Globally, since 1901–2010, the number of heavy precipitation days has been less frequent and the average intensity of daily precipitation has decreased, but in the last 60 years (1951–2010), they both have increased (Donat et al. 2013). These global patterns for the last 60 years were not observed for Trinidad for the 50 years investigated; however, in the decade 2001–2010, the SDII was higher than average suggesting more intense rainfall events. Additionally, in the decade 2001–2010, the number of consecutive dry days was higher than the previous decade 1991–2000 at all three stations. Interestingly, 2010 was reported as the wettest recorded year globally. The apparent positive shift in the CDD in Trinidad may be attributed to effects of the meteorological drought experienced during January to March in 2010 in Trinidad and other neighboring Caribbean islands (Trotman et al. 2010). In 2010, the numbers of CDD in the dry season were 48 (Piarco), 87 (UFS), and 59 (UWI). In the Caribbean region, it was observed that the CDD patterns are dependent on the period investigated since Peterson et al. (2002) reported less CDD, and more recently, Stephenson et al. (2014) and the model projections (Hall et al. 2013) found that the CDD appears to be increasing. Globally, for 1951–2010, there was a significant decreasing decadal CCD trend by 1.66 days (Donat et al. 2013).

Globally, Donat et al. (2013) reported that changes in precipitation extremes are spatially less consistent compared with temperature indices. It should therefore be emphasized that the findings of our precipitation extreme weather study was based on a local scale with stations in a high spatial density for one region of Trinidad and these features discovered maybe be different from regional and global analyses.

Comparing the Caribbean island temperature trend with the global and regional patterns, we see a general warming. For the precipitation in the dry season, it was projected that the rainfall would be less intense and accompanied by more dry days; however, our results suggest that the dry season rainfall will be more intense with more dry days. Although there were no statistical significant trends that the precipitation is decreasing, there are apparent changes within the decades.

6 Summary

Our study presents trends and patterns of indices of temperature and precipitation for Trinidad for 1961–2010 using the RClimDex software and the Mann-Kendall test. Two temperature stations and three precipitation stations were used in the investigation due to the limited high quality datasets. The data was assessed annually, seasonal, and decadal and compared with a regional climate model, a 20-km atmospheric global circulation model and projections of CMIP3. It was found that there was a significant general warming in the annual mean of the daily maximum and minimum temperatures. The wet season appears to be warming faster than the dry season; however, in both seasons, the nighttime warming is greater than the daytime warming. Our results also suggested that Trinidad has experienced more warm days and fewer cool nights during the period 1963 to 2010.

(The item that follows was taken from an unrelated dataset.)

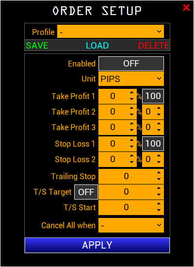 Über die rechte Seite des Moduls lassen sich Schutz- und Folgeorders konfigurieren. Zu den wichtigsten Parametern gehören Enabled, Unit, Cancel All when, Stop Loss, Take Profit, Trailing Stop und T/S Target.

For all the annual precipitation indices with the exception of the extremely wet days, there were no statistical significant trends. Seasonally, the monthly extremes assessment provides the evidence in the trends from the 5 day maximum precipitation that the dry season is experiencing a higher intense rainfall. The decadal assessment highlighted the decade, 1981–1990 for above annual maximum 5-day precipitation, very wet days, the number of heavy precipitation days, the number of very heavy precipitation days, and the number consecutive wet days. In addition, there were above average anomalies for the SDII, annual maximum 1-day precipitation, extremely wet days, and the number of consecutive wet days in the decade 2001–2010.